Has the bug really been fixed?

  • Authors:
  • Zhongxian Gu;Earl T. Barr;David J. Hamilton;Zhendong Su

  • Affiliations:
  • University of California at Davis;University of California at Davis;University of California at Davis;University of California at Davis

  • Venue:
  • Proceedings of the 32nd ACM/IEEE International Conference on Software Engineering - Volume 1
  • Year:
  • 2010

Quantified Score

Hi-index 0.00

Visualization

Abstract

Software has bugs, and fixing those bugs pervades the software engineering process. It is folklore that bug fixes are often buggy themselves, resulting in bad fixes, either failing to fix a bug or creating new bugs. To confirm this folklore, we explored bug databases of the Ant, AspectJ, and Rhino projects, and found that bad fixes comprise as much as 9% of all bugs. Thus, detecting and correcting bad fixes is important for improving the quality and reliability of software. However, no prior work has systematically considered this bad fix problem, which this paper introduces and formalizes. In particular, the paper formalizes two criteria to determine whether a fix resolves a bug: coverage and disruption.
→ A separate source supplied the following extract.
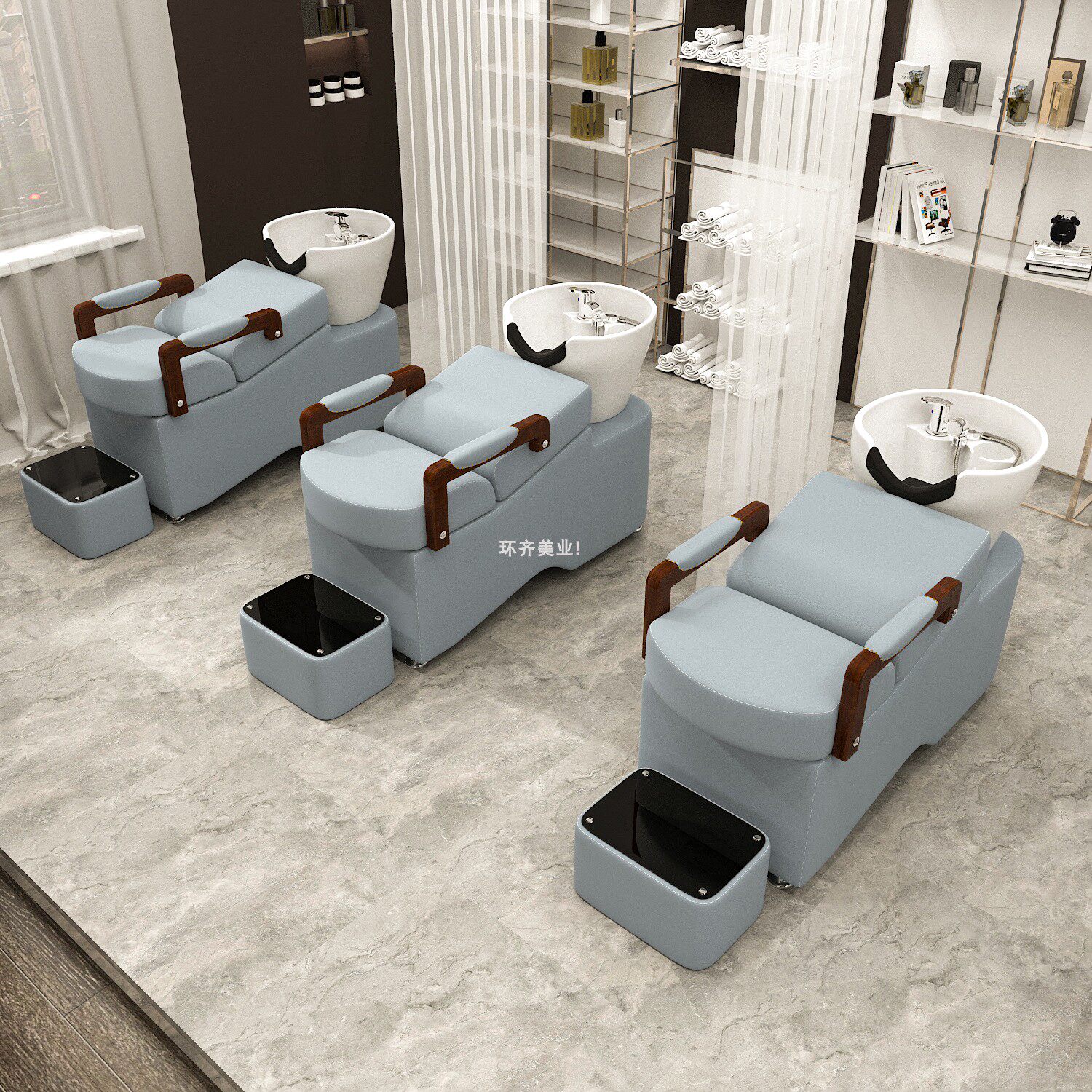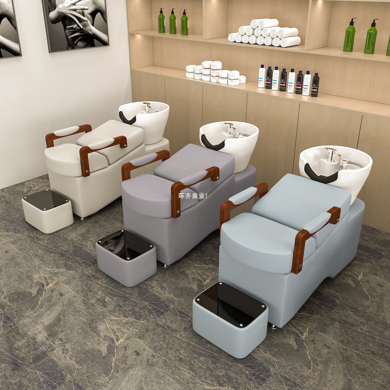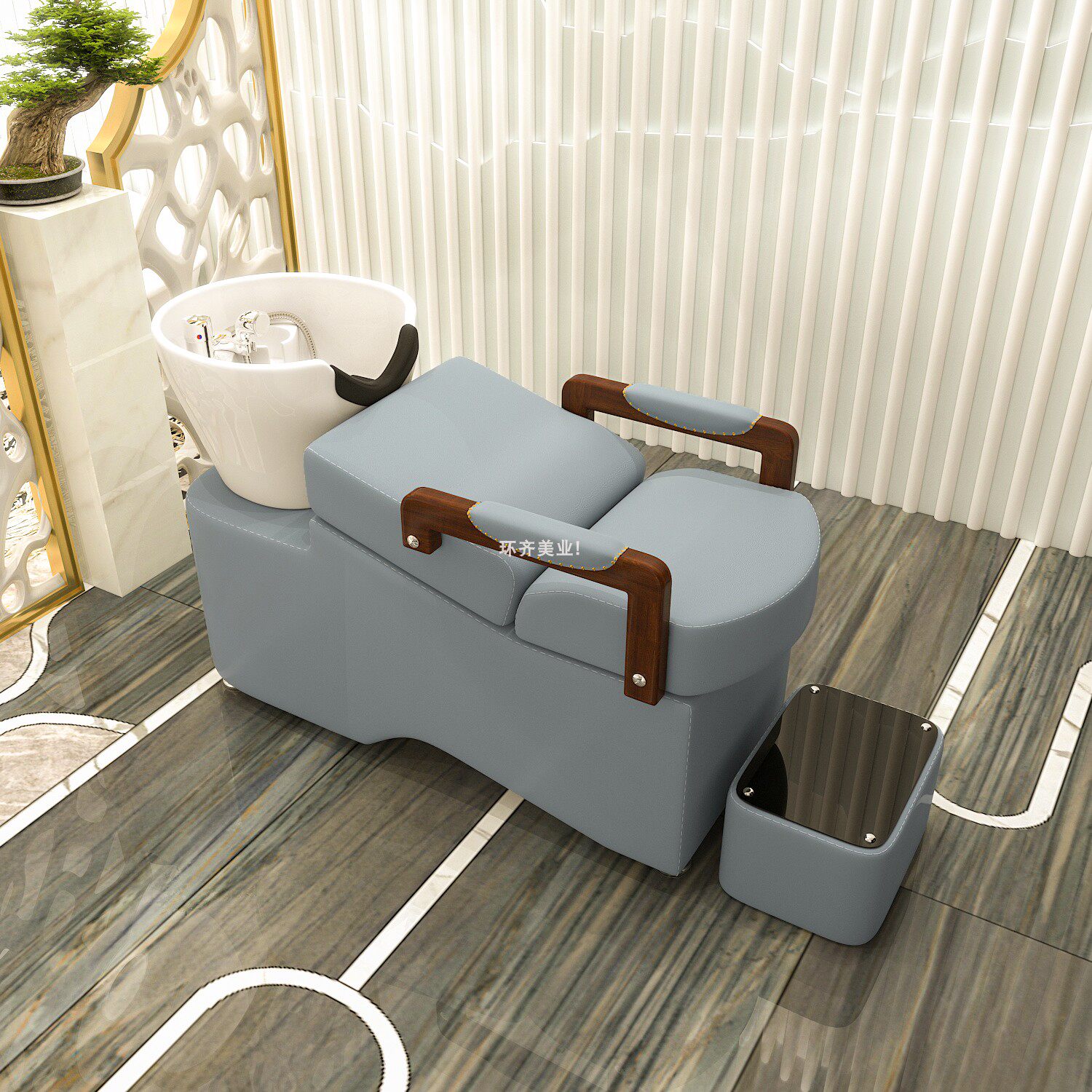 Net red European-style solid wood armrest shampoo bed ceramic basin Li Kun shop hair salon special retro hairdressing shampoo bed D44

The coverage of a fix measures the extent to which the fix correctly handles all inputs that may trigger a bug, while disruption measures the deviations from the program's intended behavior after the application of a fix. This paper also introduces a novel notion of distance-bounded weakest precondition as the basis for the developed practical techniques to compute the coverage and disruption of a fix. To validate our approach, we implemented Fixation, a prototype that automatically detects bad fixes for Java programs. When it detects a bad fix, Fixation returns an input that still triggers the bug or reports a newly introduced bug. Programmers can then use that bug-triggering input to refine or reformulate their fix. We manually extracted fixes drawn from real-world projects and evaluated Fixation against them: Fixation successfully detected the extracted bad fixes.